INFORMATION SHOWN:
*** Begin section ***
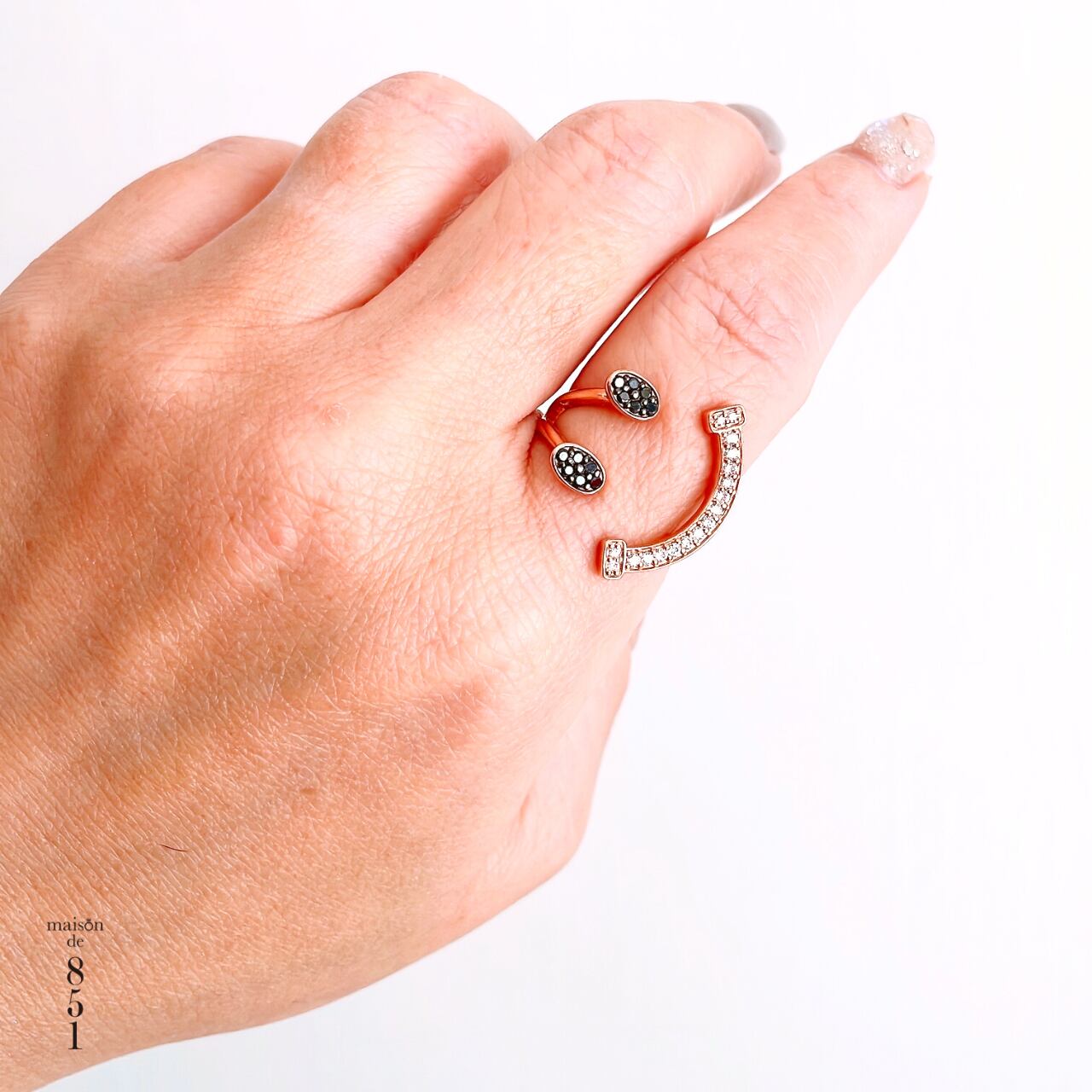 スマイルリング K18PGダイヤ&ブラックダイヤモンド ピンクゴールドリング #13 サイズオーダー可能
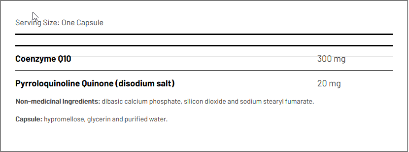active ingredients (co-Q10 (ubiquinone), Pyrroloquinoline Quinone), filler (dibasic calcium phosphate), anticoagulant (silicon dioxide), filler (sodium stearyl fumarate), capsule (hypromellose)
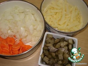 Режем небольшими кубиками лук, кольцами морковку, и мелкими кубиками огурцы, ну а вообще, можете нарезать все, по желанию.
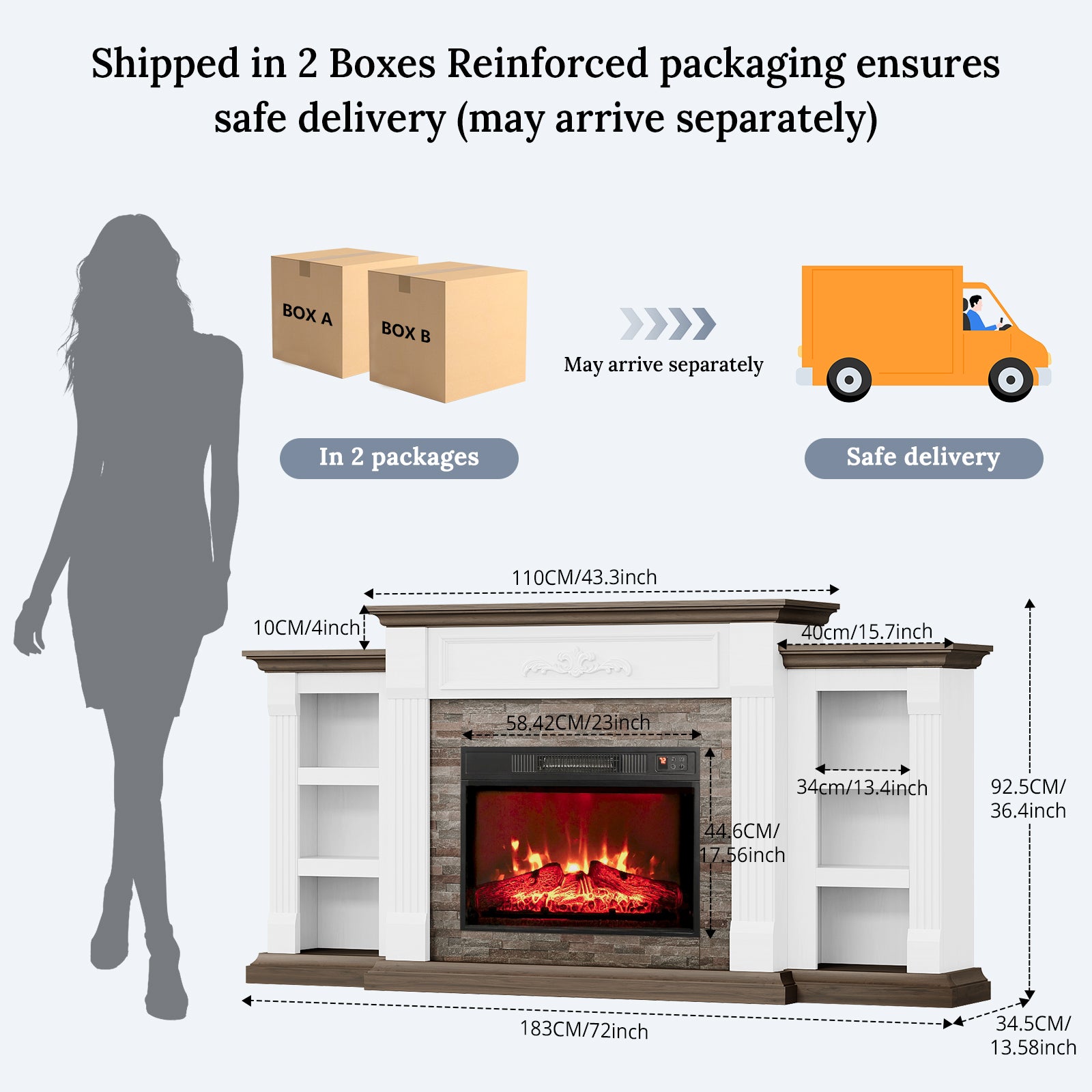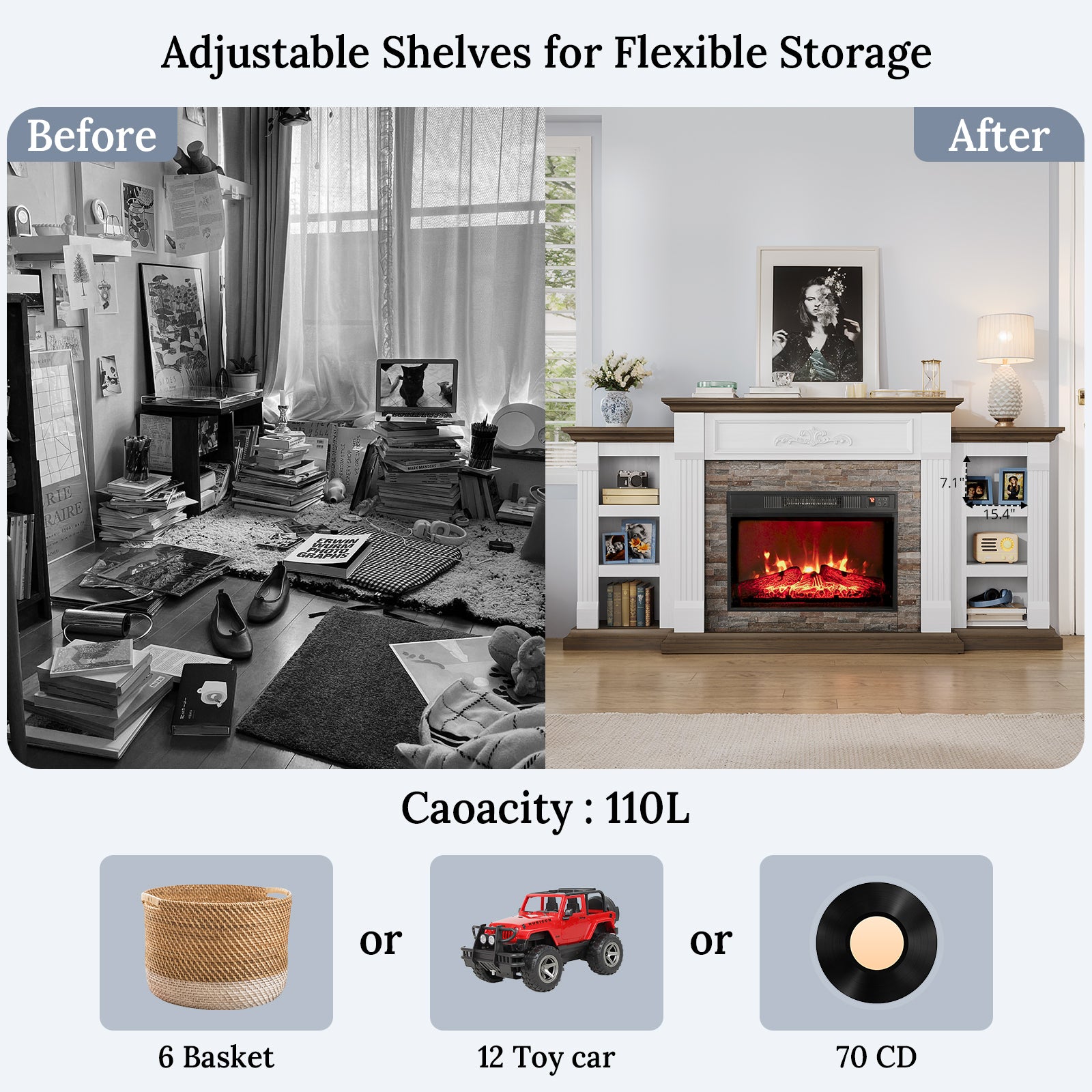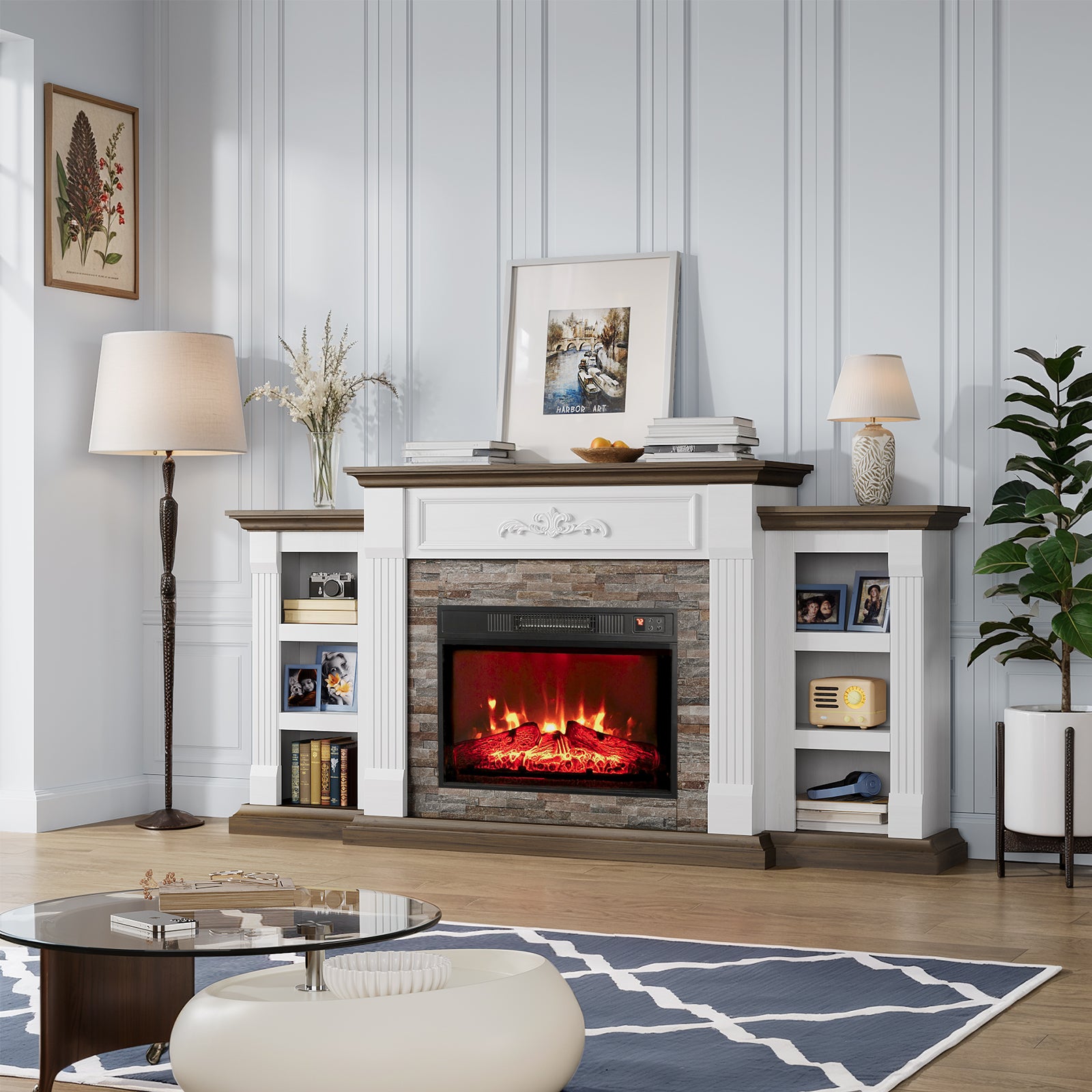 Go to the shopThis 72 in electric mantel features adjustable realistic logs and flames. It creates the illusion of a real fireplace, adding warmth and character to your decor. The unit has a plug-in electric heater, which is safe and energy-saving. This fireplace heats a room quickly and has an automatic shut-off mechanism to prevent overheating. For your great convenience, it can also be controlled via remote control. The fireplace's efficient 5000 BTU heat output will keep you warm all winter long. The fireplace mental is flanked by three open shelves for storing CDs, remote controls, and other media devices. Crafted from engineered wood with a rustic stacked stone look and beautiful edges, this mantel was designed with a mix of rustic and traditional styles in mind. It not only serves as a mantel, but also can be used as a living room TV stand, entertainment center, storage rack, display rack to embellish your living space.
*** End section ***
WHAT THE EXERCISE ASKS:
Without the pictures, return the whole of the data exactly as given.

EXERCISE SOLUTION:
 スマイルリング K18PGダイヤ&ブラックダイヤモンド ピンクゴールドリング #13 サイズオーダー可能
active ingredients (co-Q10 (ubiquinone), Pyrroloquinoline Quinone), filler (dibasic calcium phosphate), anticoagulant (silicon dioxide), filler (sodium stearyl fumarate), capsule (hypromellose)
 Режем небольшими кубиками лук, кольцами морковку, и мелкими кубиками огурцы, ну а вообще, можете нарезать все, по желанию.
 Go to the shopThis 72 in electric mantel features adjustable realistic logs and flames. It creates the illusion of a real fireplace, adding warmth and character to your decor. The unit has a plug-in electric heater, which is safe and energy-saving. This fireplace heats a room quickly and has an automatic shut-off mechanism to prevent overheating. For your great convenience, it can also be controlled via remote control. The fireplace's efficient 5000 BTU heat output will keep you warm all winter long. The fireplace mental is flanked by three open shelves for storing CDs, remote controls, and other media devices. Crafted from engineered wood with a rustic stacked stone look and beautiful edges, this mantel was designed with a mix of rustic and traditional styles in mind. It not only serves as a mantel, but also can be used as a living room TV stand, entertainment center, storage rack, display rack to embellish your living space.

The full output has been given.